For the data below, retype word for word the lines from the one containing "Canvas printed 2" through the one containing "71944440 alte Postkarte"; drop the pictures.

-- DATASET --
---

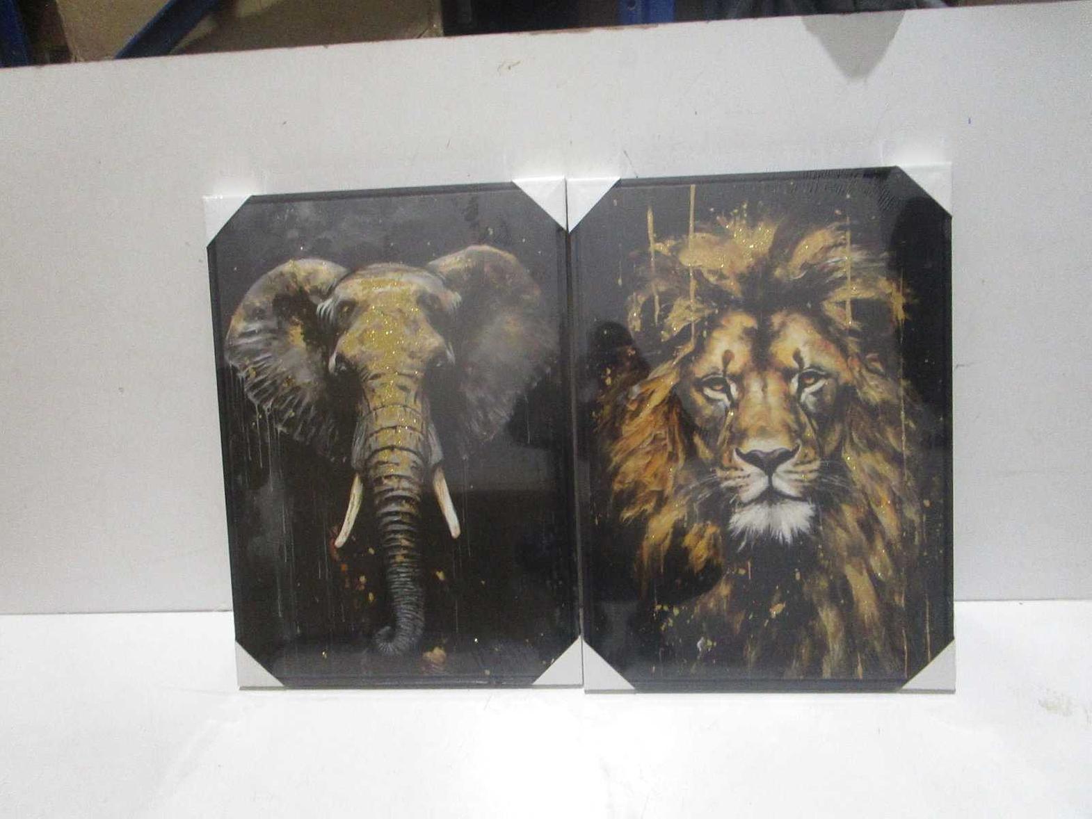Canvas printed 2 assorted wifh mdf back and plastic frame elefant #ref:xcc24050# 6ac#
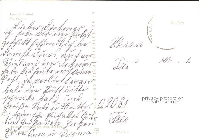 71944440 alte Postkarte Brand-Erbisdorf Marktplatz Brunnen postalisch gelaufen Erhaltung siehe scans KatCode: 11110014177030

---

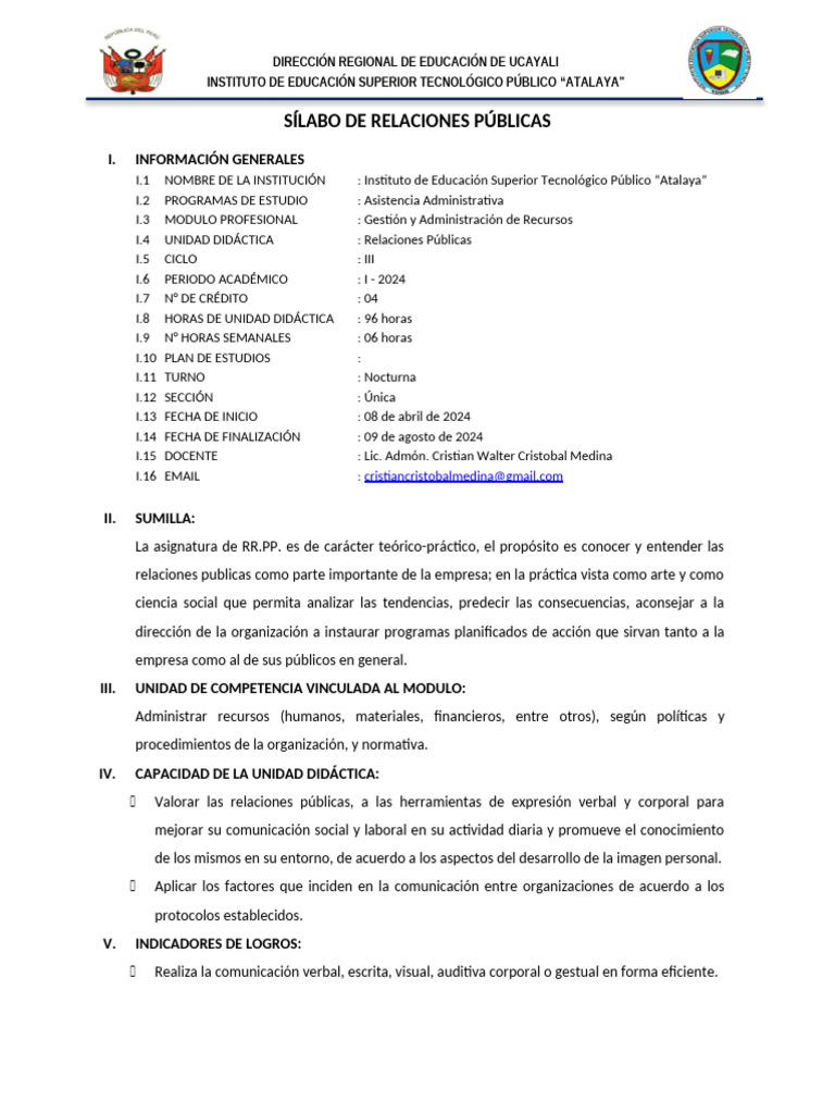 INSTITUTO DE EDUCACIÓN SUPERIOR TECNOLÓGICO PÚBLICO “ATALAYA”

---

-- RESULT --
Canvas printed 2 assorted wifh mdf back and plastic frame elefant #ref:xcc24050# 6ac#
 71944440 alte Postkarte Brand-Erbisdorf Marktplatz Brunnen postalisch gelaufen Erhaltung siehe scans KatCode: 11110014177030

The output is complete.